## WORK REQUIRED
In the entries below, find the line with "ADVERTÊNCIA Leia todos" and the line with "专注欧美企业合规的大V也指出". Reproduce those two lines and every line between them exactly, and nothing more.

## MATERIAL FOR THE TASK

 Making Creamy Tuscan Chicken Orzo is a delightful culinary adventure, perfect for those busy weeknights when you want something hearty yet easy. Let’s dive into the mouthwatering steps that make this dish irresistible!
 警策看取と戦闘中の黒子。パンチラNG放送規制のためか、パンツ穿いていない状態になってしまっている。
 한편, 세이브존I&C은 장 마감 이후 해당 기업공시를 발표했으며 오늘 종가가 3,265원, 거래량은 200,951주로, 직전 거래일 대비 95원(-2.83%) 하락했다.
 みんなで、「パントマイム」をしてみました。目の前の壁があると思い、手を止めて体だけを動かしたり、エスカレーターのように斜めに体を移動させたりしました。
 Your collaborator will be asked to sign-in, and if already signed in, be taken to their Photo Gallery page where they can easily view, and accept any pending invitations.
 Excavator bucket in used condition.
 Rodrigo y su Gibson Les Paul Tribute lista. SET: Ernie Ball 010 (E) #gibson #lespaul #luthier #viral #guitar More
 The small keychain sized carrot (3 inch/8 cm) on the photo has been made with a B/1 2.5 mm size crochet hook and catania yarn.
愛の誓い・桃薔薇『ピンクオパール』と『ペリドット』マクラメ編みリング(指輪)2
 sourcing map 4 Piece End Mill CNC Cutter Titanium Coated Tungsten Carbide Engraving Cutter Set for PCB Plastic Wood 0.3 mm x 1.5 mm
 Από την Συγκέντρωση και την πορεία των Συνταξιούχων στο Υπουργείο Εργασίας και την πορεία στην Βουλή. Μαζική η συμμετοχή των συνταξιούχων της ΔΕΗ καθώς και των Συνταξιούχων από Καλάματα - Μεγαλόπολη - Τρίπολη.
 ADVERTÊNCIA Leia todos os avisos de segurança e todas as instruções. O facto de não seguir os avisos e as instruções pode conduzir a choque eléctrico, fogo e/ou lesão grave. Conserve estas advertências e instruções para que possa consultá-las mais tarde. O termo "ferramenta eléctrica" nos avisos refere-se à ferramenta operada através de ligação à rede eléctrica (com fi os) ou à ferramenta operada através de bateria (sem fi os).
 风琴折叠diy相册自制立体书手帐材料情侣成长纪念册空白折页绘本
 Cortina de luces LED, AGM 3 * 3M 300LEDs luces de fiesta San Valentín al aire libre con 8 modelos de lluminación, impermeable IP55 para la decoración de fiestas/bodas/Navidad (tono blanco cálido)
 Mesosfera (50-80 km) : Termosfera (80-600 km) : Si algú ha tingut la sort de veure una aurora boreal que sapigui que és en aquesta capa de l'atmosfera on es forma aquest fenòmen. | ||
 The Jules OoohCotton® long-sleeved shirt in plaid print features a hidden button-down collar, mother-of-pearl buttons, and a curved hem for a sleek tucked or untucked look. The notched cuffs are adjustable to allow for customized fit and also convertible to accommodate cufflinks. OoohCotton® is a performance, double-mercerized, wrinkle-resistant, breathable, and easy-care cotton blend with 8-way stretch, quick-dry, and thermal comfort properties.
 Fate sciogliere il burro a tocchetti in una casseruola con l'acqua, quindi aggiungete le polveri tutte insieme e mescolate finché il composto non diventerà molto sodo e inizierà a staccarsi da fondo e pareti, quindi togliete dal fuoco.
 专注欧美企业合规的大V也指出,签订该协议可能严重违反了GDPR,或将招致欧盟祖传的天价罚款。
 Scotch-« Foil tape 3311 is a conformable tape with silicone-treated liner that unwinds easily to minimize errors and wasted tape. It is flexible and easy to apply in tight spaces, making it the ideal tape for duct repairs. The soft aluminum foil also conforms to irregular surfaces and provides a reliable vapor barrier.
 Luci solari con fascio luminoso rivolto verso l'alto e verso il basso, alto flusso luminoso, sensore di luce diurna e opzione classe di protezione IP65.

## THE COMPLETED TASK
 ADVERTÊNCIA Leia todos os avisos de segurança e todas as instruções. O facto de não seguir os avisos e as instruções pode conduzir a choque eléctrico, fogo e/ou lesão grave. Conserve estas advertências e instruções para que possa consultá-las mais tarde. O termo "ferramenta eléctrica" nos avisos refere-se à ferramenta operada através de ligação à rede eléctrica (com fi os) ou à ferramenta operada através de bateria (sem fi os).
 风琴折叠diy相册自制立体书手帐材料情侣成长纪念册空白折页绘本
 Cortina de luces LED, AGM 3 * 3M 300LEDs luces de fiesta San Valentín al aire libre con 8 modelos de lluminación, impermeable IP55 para la decoración de fiestas/bodas/Navidad (tono blanco cálido)
 Mesosfera (50-80 km) : Termosfera (80-600 km) : Si algú ha tingut la sort de veure una aurora boreal que sapigui que és en aquesta capa de l'atmosfera on es forma aquest fenòmen. | ||
 The Jules OoohCotton® long-sleeved shirt in plaid print features a hidden button-down collar, mother-of-pearl buttons, and a curved hem for a sleek tucked or untucked look. The notched cuffs are adjustable to allow for customized fit and also convertible to accommodate cufflinks. OoohCotton® is a performance, double-mercerized, wrinkle-resistant, breathable, and easy-care cotton blend with 8-way stretch, quick-dry, and thermal comfort properties.
 Fate sciogliere il burro a tocchetti in una casseruola con l'acqua, quindi aggiungete le polveri tutte insieme e mescolate finché il composto non diventerà molto sodo e inizierà a staccarsi da fondo e pareti, quindi togliete dal fuoco.
 专注欧美企业合规的大V也指出,签订该协议可能严重违反了GDPR,或将招致欧盟祖传的天价罚款。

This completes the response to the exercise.